**ASSIGNMENT:** In the records below, reproduce exactly the lines from the one containing "Создано на основе" through the one containing "Escultura de marfim", both included, and omit the pictures.
=====
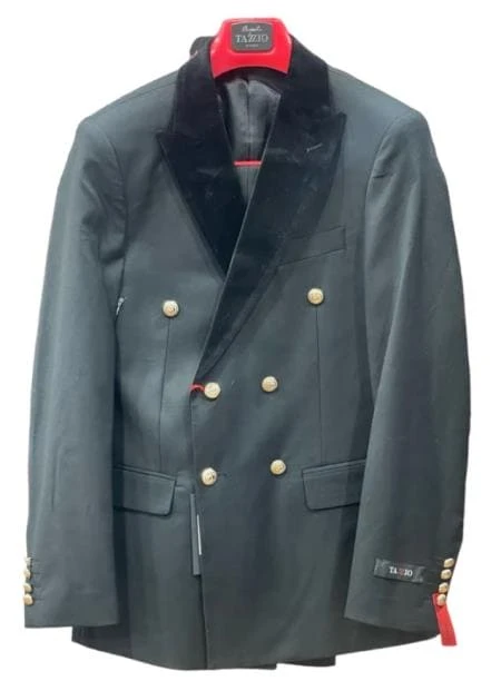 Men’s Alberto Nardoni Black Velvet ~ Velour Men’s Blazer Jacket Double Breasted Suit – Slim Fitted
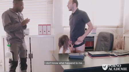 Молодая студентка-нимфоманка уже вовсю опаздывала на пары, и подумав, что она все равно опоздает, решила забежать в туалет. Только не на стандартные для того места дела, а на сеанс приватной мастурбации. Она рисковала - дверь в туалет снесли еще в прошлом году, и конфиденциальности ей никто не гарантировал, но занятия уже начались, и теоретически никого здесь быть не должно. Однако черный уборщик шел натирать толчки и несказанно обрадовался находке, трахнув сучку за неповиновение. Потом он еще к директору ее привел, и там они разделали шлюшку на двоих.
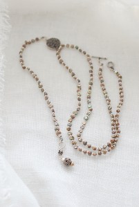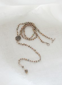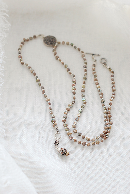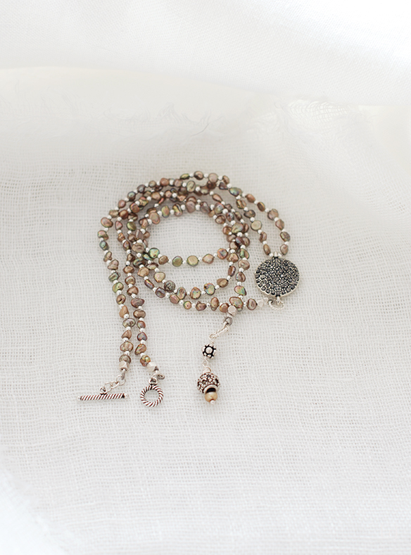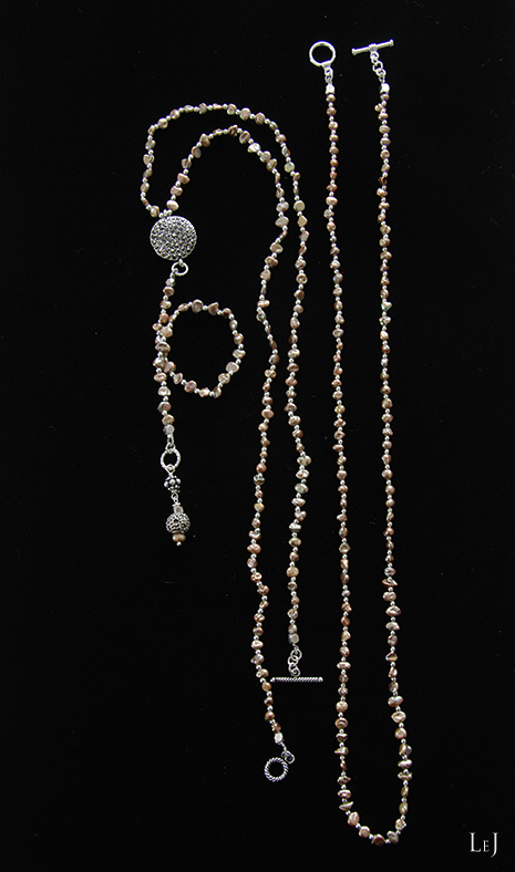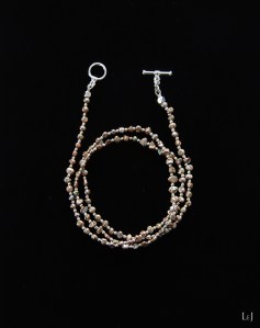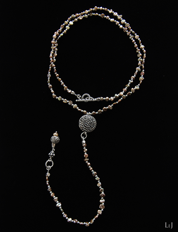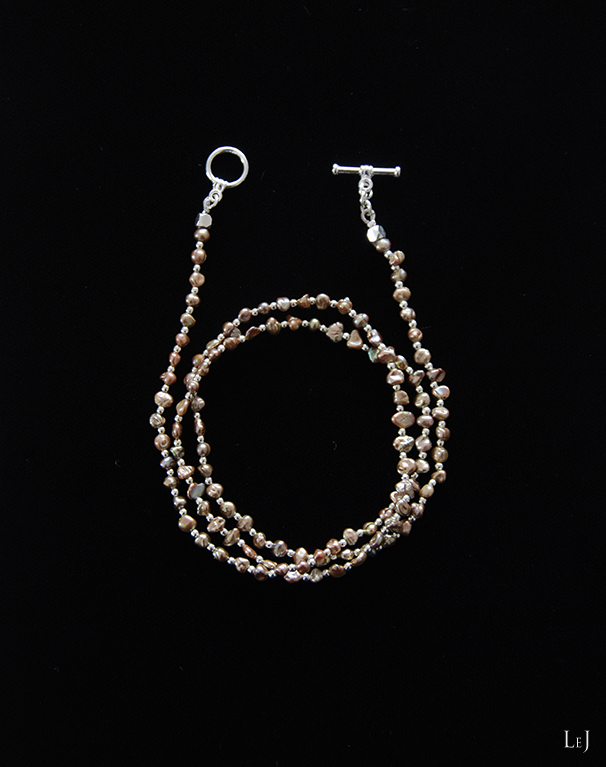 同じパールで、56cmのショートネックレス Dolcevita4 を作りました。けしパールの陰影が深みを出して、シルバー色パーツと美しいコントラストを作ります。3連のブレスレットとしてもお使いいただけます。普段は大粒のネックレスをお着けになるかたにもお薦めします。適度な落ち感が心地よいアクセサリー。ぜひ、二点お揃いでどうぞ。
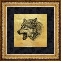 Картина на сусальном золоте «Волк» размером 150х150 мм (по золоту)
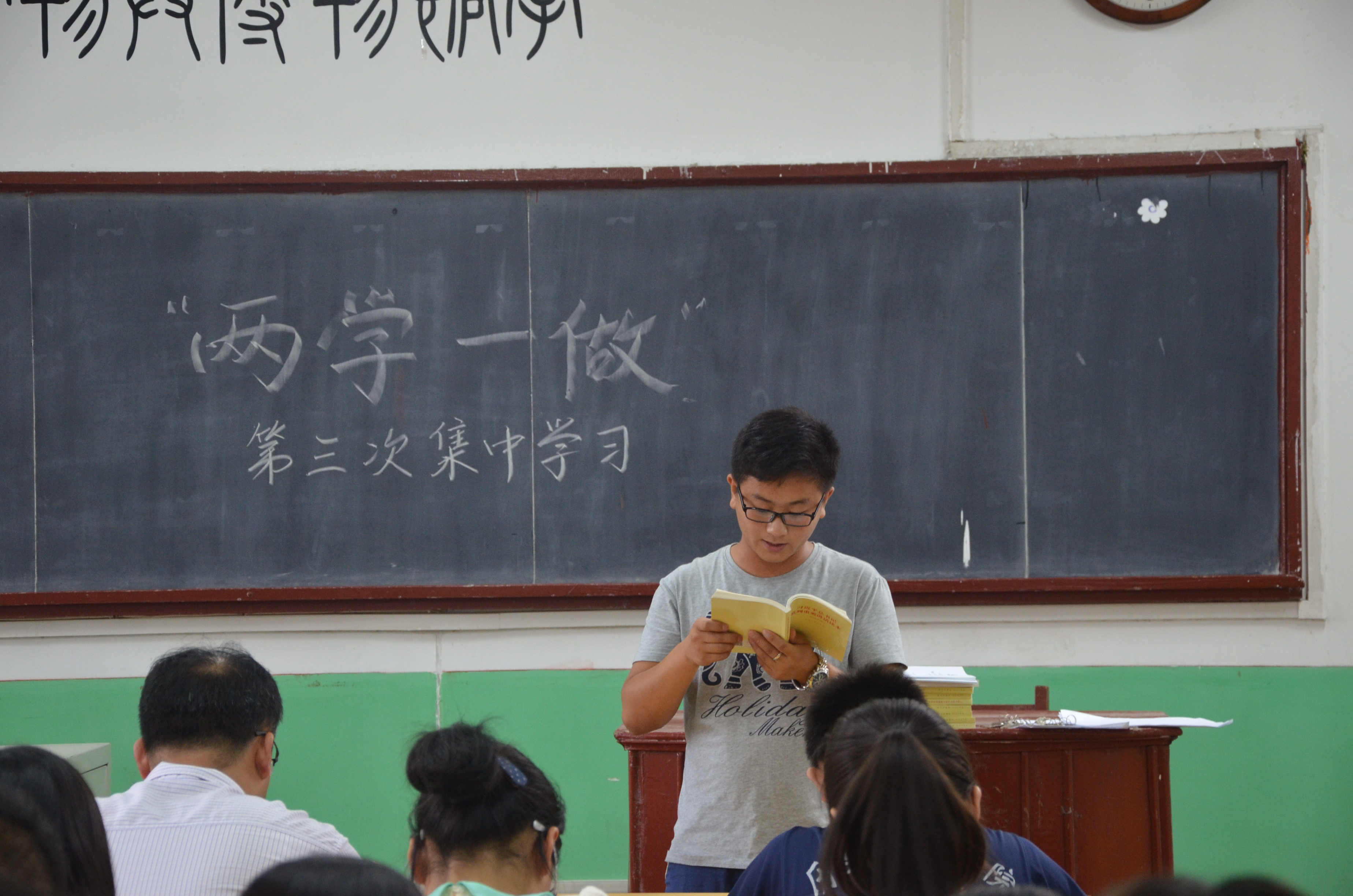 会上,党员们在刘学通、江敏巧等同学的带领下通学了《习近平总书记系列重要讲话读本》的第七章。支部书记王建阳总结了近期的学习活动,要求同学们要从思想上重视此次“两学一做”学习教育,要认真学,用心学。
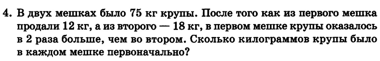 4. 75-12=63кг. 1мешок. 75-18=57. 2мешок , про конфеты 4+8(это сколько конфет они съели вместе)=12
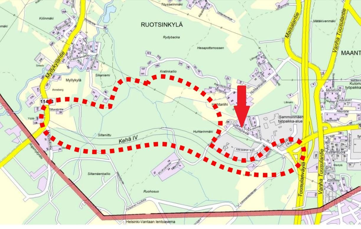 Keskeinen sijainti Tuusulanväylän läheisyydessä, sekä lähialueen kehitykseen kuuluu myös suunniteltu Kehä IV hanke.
=====
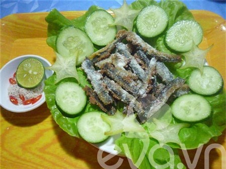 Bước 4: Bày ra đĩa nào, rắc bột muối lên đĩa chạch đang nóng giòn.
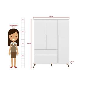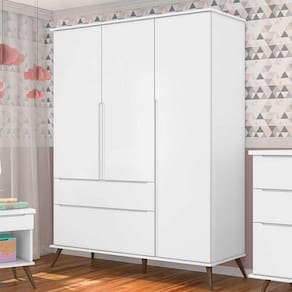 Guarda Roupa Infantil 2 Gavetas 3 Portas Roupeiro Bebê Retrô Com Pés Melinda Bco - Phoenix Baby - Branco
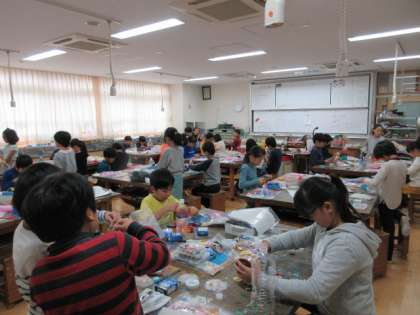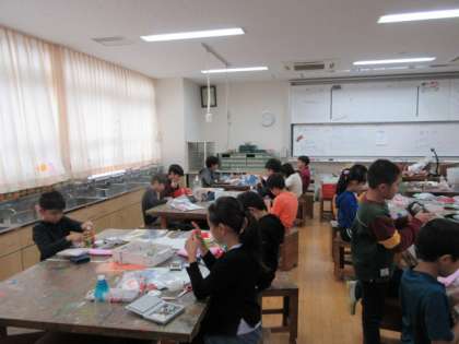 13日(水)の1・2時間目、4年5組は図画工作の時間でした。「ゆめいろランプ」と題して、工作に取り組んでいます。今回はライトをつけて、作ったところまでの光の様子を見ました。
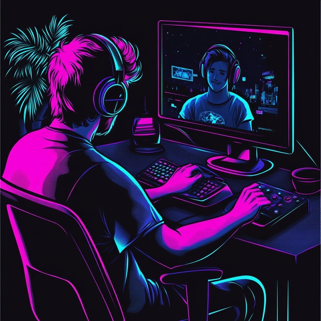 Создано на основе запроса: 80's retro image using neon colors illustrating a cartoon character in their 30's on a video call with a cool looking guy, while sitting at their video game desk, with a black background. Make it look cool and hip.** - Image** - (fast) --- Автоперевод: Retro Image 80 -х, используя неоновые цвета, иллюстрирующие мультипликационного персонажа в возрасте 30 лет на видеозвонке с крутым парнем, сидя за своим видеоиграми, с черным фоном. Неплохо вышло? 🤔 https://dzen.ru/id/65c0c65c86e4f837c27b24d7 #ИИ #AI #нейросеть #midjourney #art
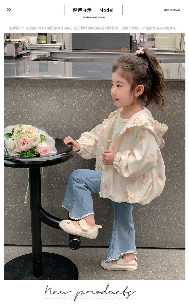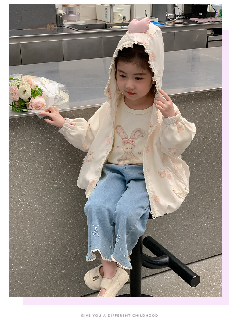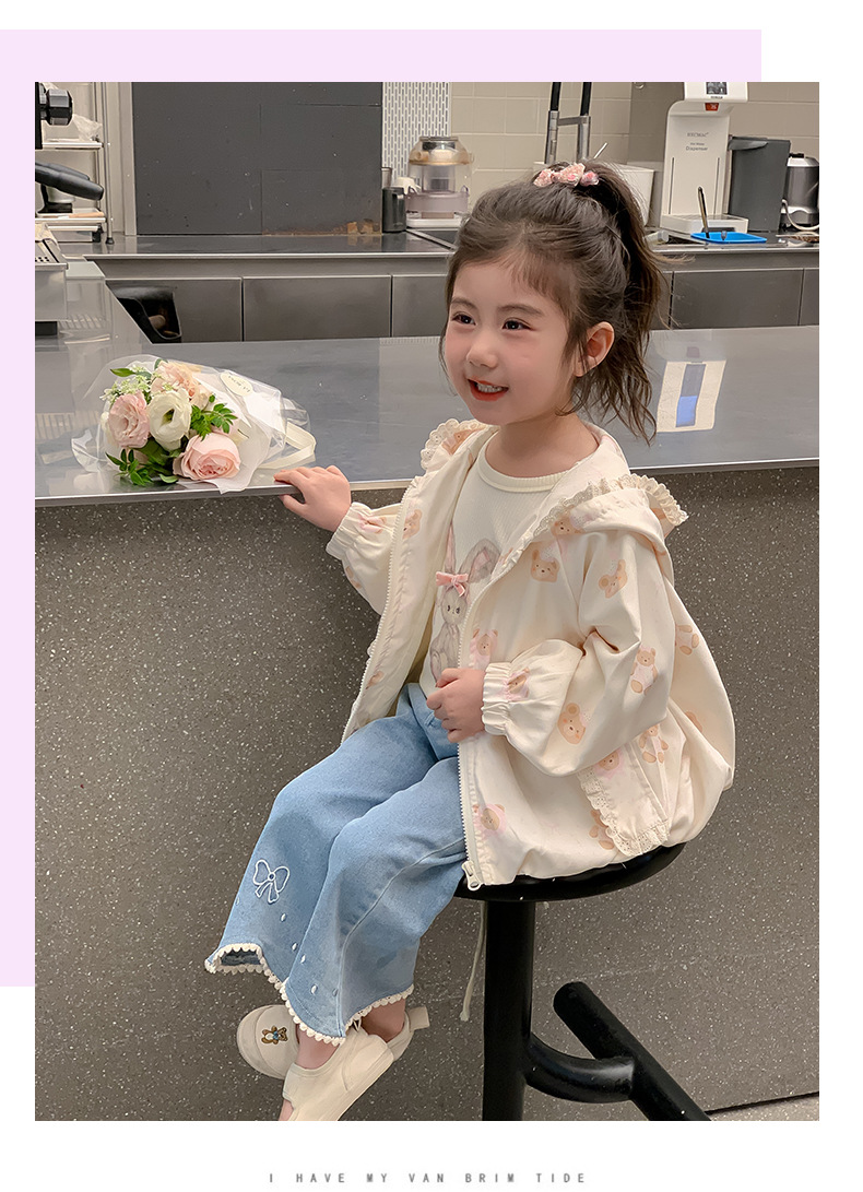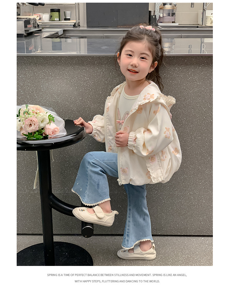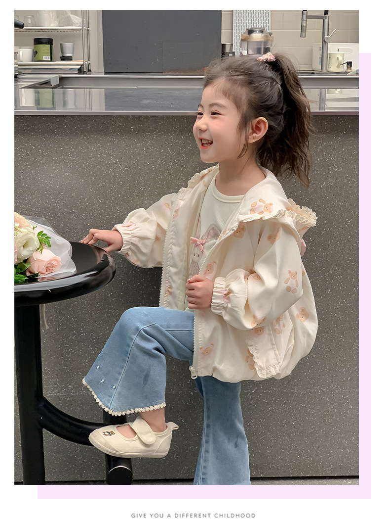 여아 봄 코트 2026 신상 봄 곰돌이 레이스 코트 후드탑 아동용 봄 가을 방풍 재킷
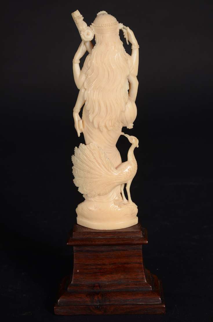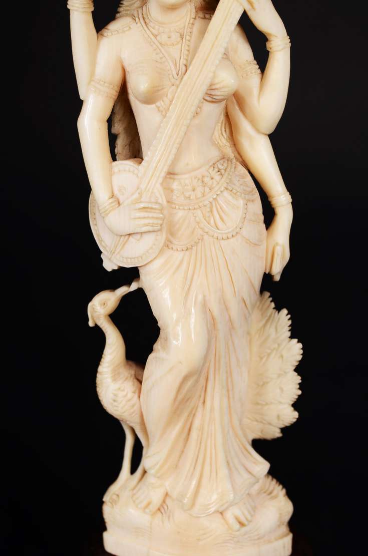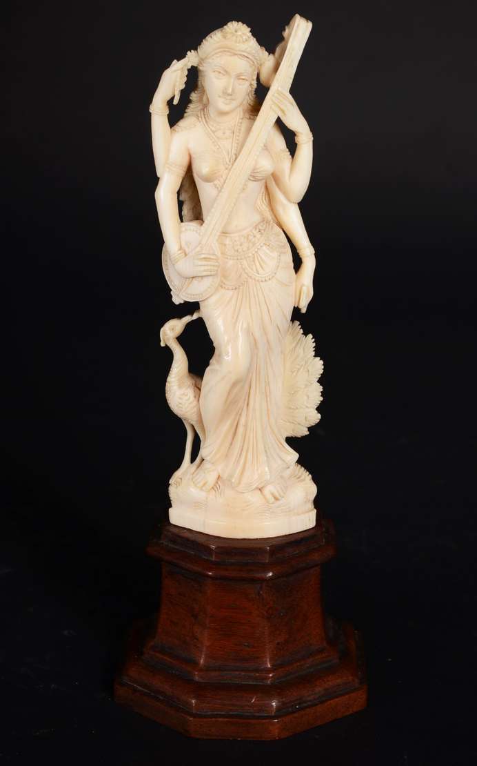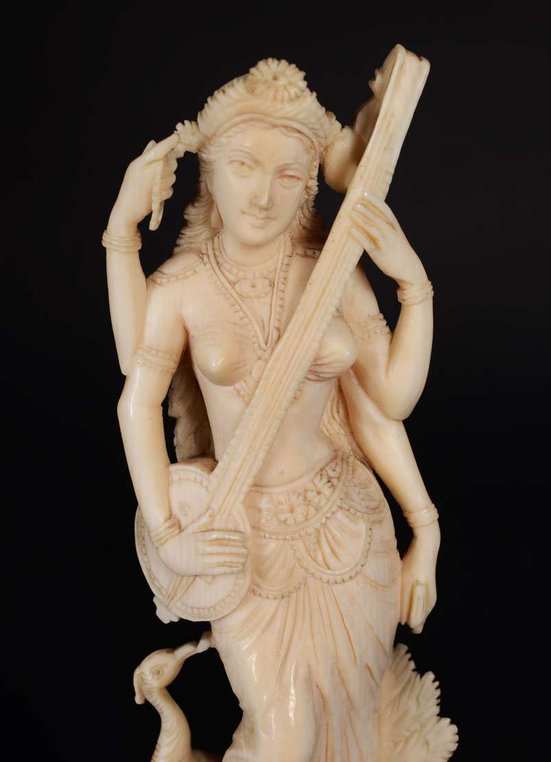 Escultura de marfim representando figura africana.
=====
**TASK RESULT:**
 Создано на основе запроса: 80's retro image using neon colors illustrating a cartoon character in their 30's on a video call with a cool looking guy, while sitting at their video game desk, with a black background. Make it look cool and hip.** - Image** - (fast) --- Автоперевод: Retro Image 80 -х, используя неоновые цвета, иллюстрирующие мультипликационного персонажа в возрасте 30 лет на видеозвонке с крутым парнем, сидя за своим видеоиграми, с черным фоном. Неплохо вышло? 🤔 https://dzen.ru/id/65c0c65c86e4f837c27b24d7 #ИИ #AI #нейросеть #midjourney #art
 여아 봄 코트 2026 신상 봄 곰돌이 레이스 코트 후드탑 아동용 봄 가을 방풍 재킷
 Escultura de marfim representando figura africana.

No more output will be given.